**Information provided**
☆ ☆ ☆ ☆ ☆ ☆ ☆

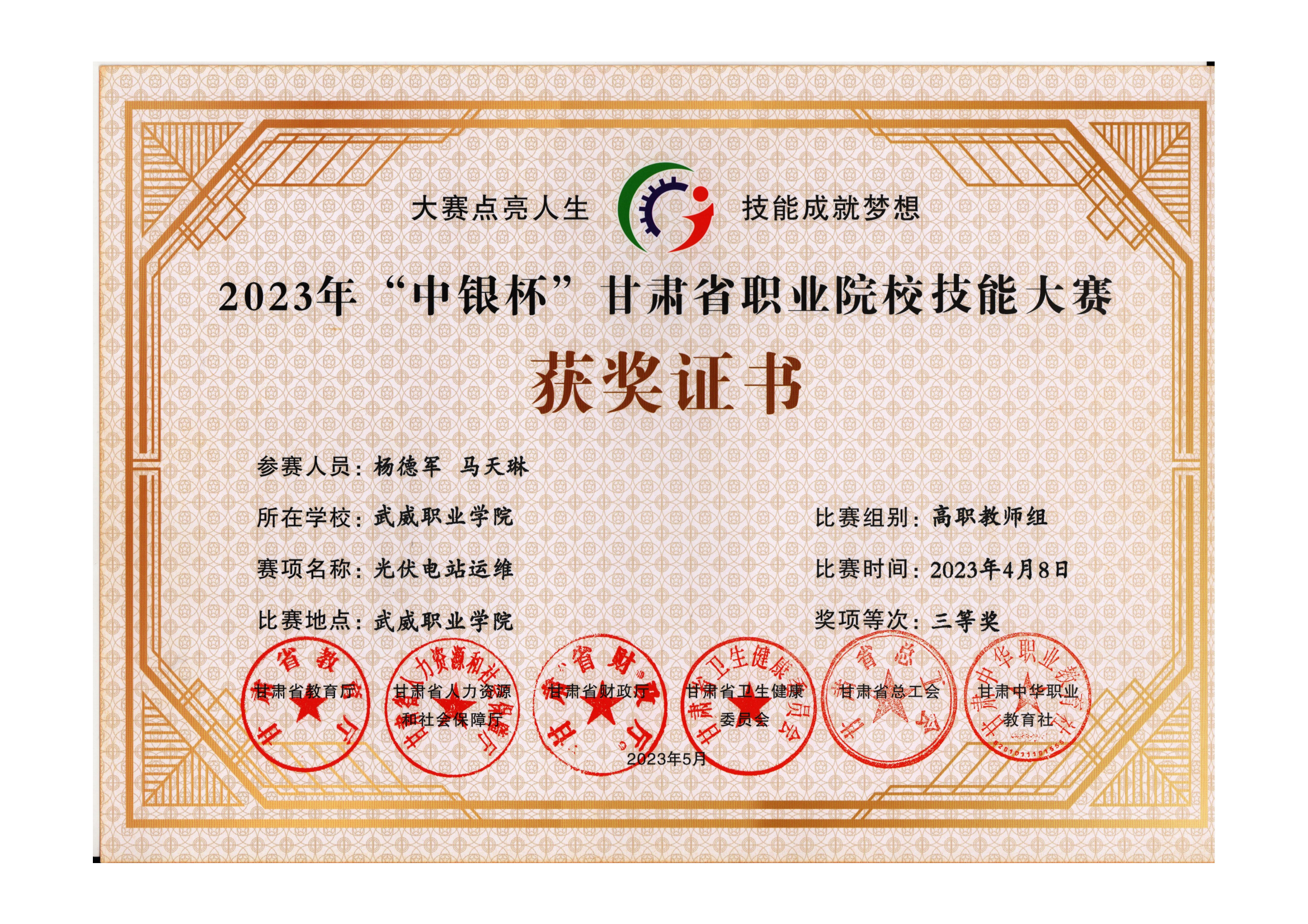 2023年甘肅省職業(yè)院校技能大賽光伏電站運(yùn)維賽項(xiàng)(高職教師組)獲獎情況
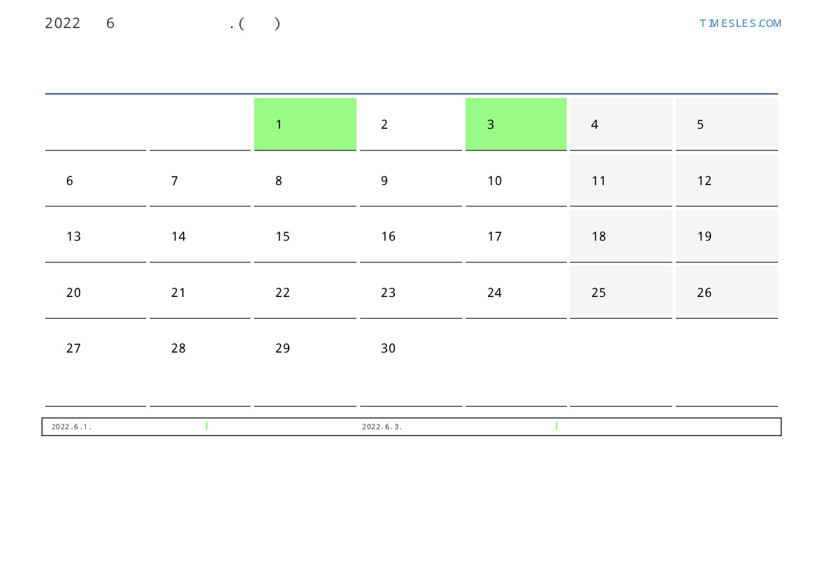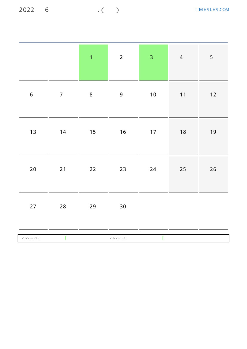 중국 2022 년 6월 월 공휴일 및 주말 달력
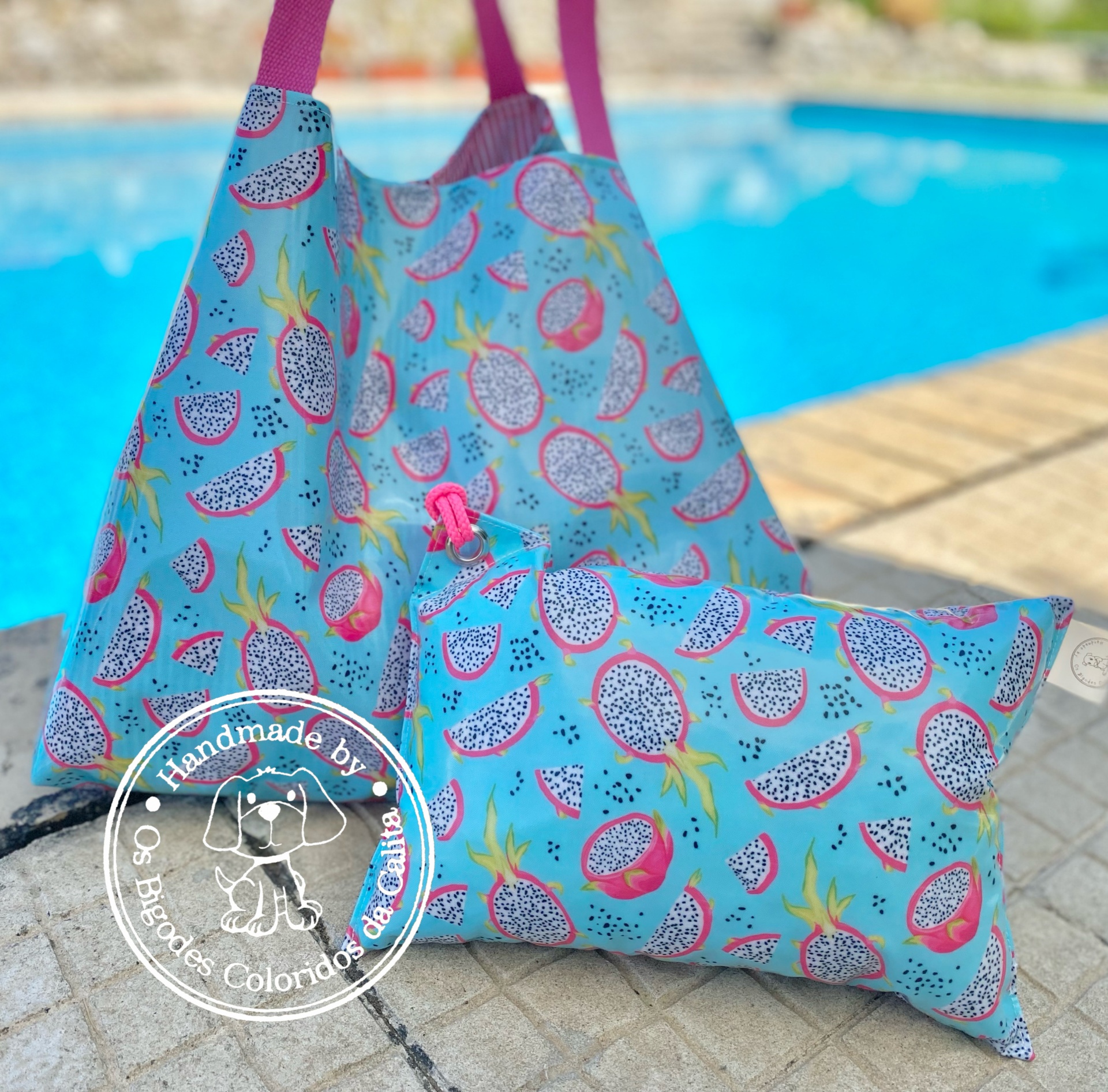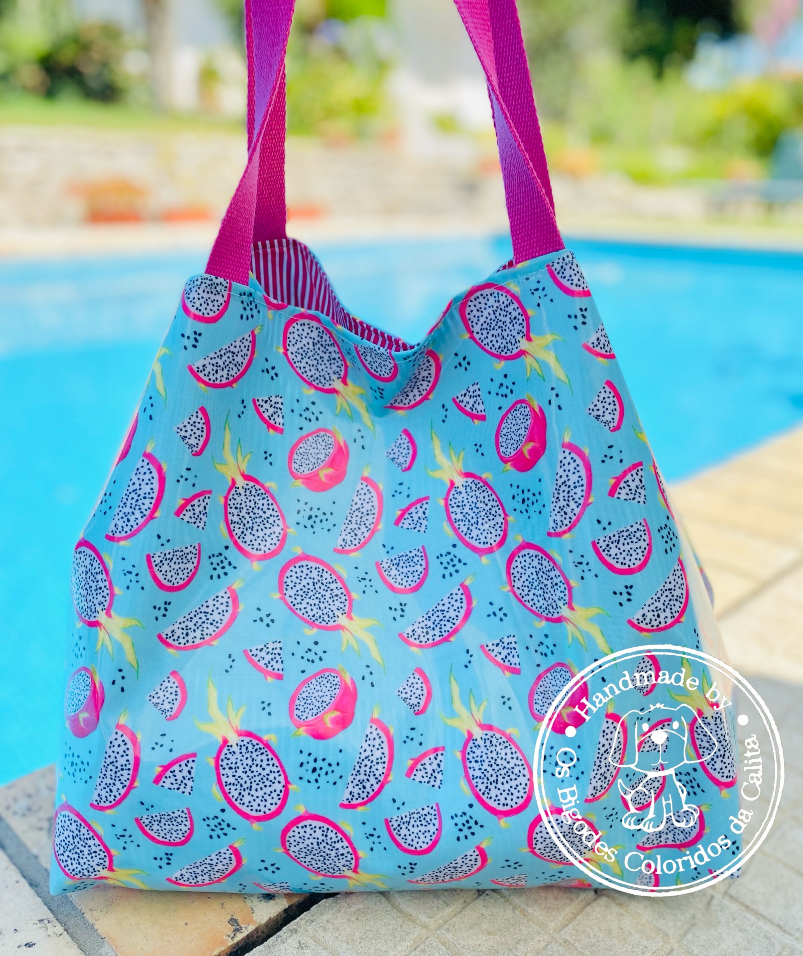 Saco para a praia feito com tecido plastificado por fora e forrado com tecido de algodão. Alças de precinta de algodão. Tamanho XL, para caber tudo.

☆ ☆ ☆ ☆ ☆ ☆ ☆

**What you are asked to do**
Restate the data word for word and exclude every picture.

**The completed task**
 2023年甘肅省職業(yè)院校技能大賽光伏電站運(yùn)維賽項(xiàng)(高職教師組)獲獎情況
 중국 2022 년 6월 월 공휴일 및 주말 달력
 Saco para a praia feito com tecido plastificado por fora e forrado com tecido de algodão. Alças de precinta de algodão. Tamanho XL, para caber tudo.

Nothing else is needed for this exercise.